Anziana buttata a terra e rapinata. Pesante condanna per il balordo
Anziana buttata a terra e rapinata. Pesante condanna per il balordo

L’ha aggredita alle spalle, immobilizzata tenendole fermo il collo e strappato un orecchino dal lobo dell’orecchio. Poi ha provato a staccare anche la collana ma l’anziana, 79 anni, ha opposto resistenza con tutte le sue forze riuscendo a mettere in fuga il balordo. Un episodio violento, ai danni di una pensionata di 79anni che finì in ospedale per la lacerazione del lobo dell’orecchio, una profonda ferita al collo causata dal tentativo di strappare la collana e un trauma a un gomito.

L’episodio è avvenuto nel giugno scorsa fra via Roma e via Baciacavallo.
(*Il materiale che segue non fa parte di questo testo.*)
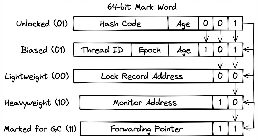 - Lock Information: 현재 이 객체를 어떤 스레드가 점유하고 있는지, 어떤 수준의 락(Biased, Lightweight, Heavyweight)이 걸려 있는지를 나타내는 비트 패턴.

Il malvivente riuscì a scappare dopo che l’anziana, a terra, non mollava la presa sulla collana. Grazie alle indagini rapidissime della polizia ieri è comparso sul banco degli imputati un marocchino di 42 anni, difeso dall’avvocato Giuseppe Nicolosi, che è stato condannato in rito abbreviato a quattro anni e due mesi di reclusione. Una pena non da poco, visto il rito, ma su cui ha pesato l’aggravante di aver agito contro una persona ultra sessantacinquenne.

Il pm in aula, Alessia Jacopini, aveva chiesto una pena di 5 anni e 4 mesi. Il giudice Francesca Scarlatti ha alleggerito leggermente il conteggio finale della pena. Il marocchino, rintracciato dalla polizia, è ancora ai domiciliari. Fra l’altro, quando il marocchino commise la rapina ai danni dell’anziana aveva già precedenti specifici.
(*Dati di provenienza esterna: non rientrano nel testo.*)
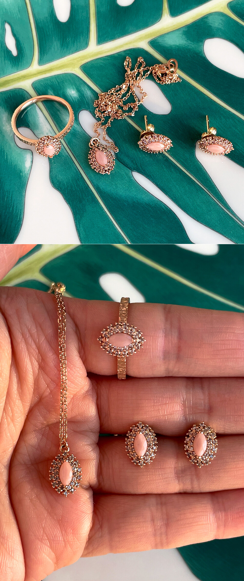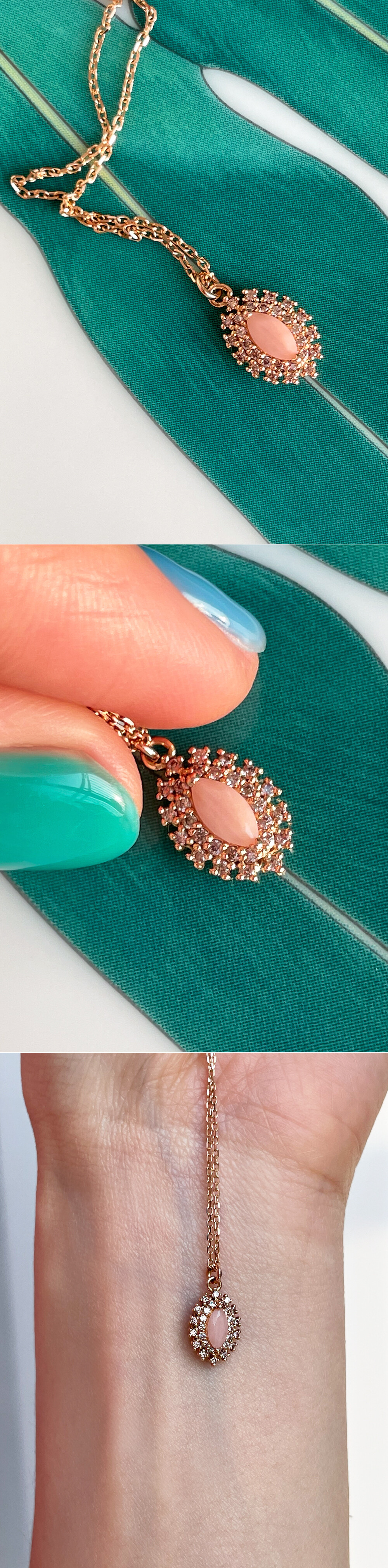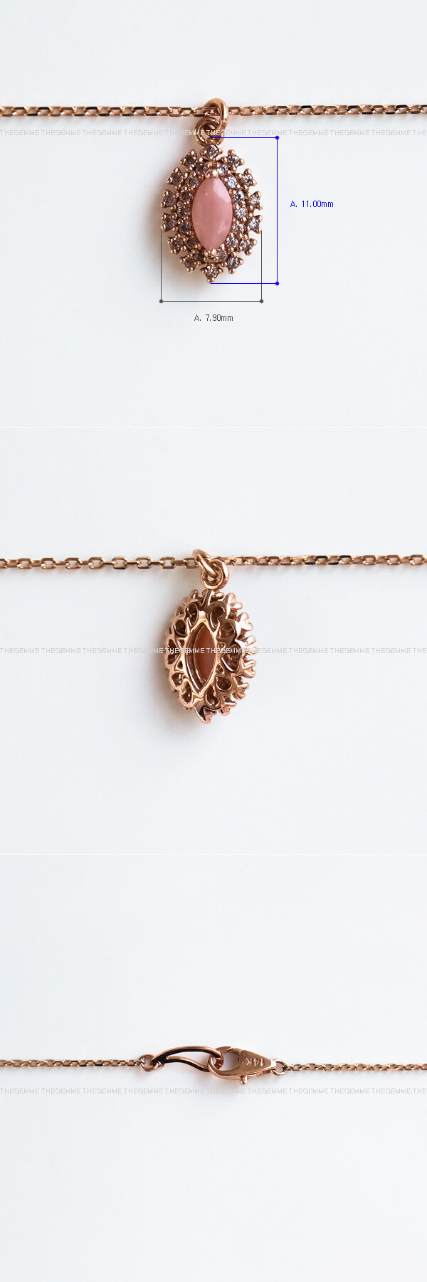 반짝반짝~ ✨ 사랑스럽고 러블리한 컬러를 가진 핑크 오팔 목걸이입니다. 💍 귀한 마퀴즈 쉐입의 패시티드 핑크 오팔이 메인으로 세팅된 헤일로 디자인의 목걸이로, 서브 스톤으로는 아주 은은한 브라운~그레이 톤의 흐린 코냑 컬러의 큐빅이 세팅되었어요. 자세히 눈여겨보지 않으면 일반 화이트(투명) 한 컬러의 큐빅처럼 보이기도 합니다! 😃 큐빅 사이즈가 작아서 육안으로 보았을 때는 보통의 화이트 큐빅과 아주 큰 색 차이는 없어 보이지만 코냑 컬러 큐빅입니다. 민감하신 분들을 위해 기본 화이트(투명) 큐빅으로 변경하실 수 있도록 옵션을 만들어 놓았으니 큐빅 색상 변경을 원하시는 분들은 옵션에서 선택하여 변경해 주세요. 🩷 작지만 섬세한 디자인으로 전체적으로 고급스러움이 느껴집니다. 자세한 디자인은 영상을 통해서 확인해 주세요. 작지만 화려한 이미지를 뽐내는 디자인으로 특별한 날에 착용하실 포인트 목걸이를 찾으시는 분들께 추천해 드릴게요! 👏🏼

Secondo quanto emerso dalle carte delle indagini, il marocchino aveva avvicinato al sua vittima alle spalle.

L’aveva afferrata per il collo colpendola e facendola cadere a terra. A quel punto che provò a rapinarla. Prima le strappò l’orecchino dal lobo, poi provò con la collana. L’anziana si mise a gridare con tutta la forza che aveva in corpo e continuò a non mollare la presa della collana. A quel punto, il balordo scappò. Lasciò la collana alla vittima e perse l’orecchino. Se ne andò via solo con una borsetta dove c’erano il cellulare della pensionata, i documenti, le chiavi di casa e cinque euro.

Ieri è stato condannato in tempi record (appena cinque mesi) per rapina aggravata e per lesioni aggravate.

L.N.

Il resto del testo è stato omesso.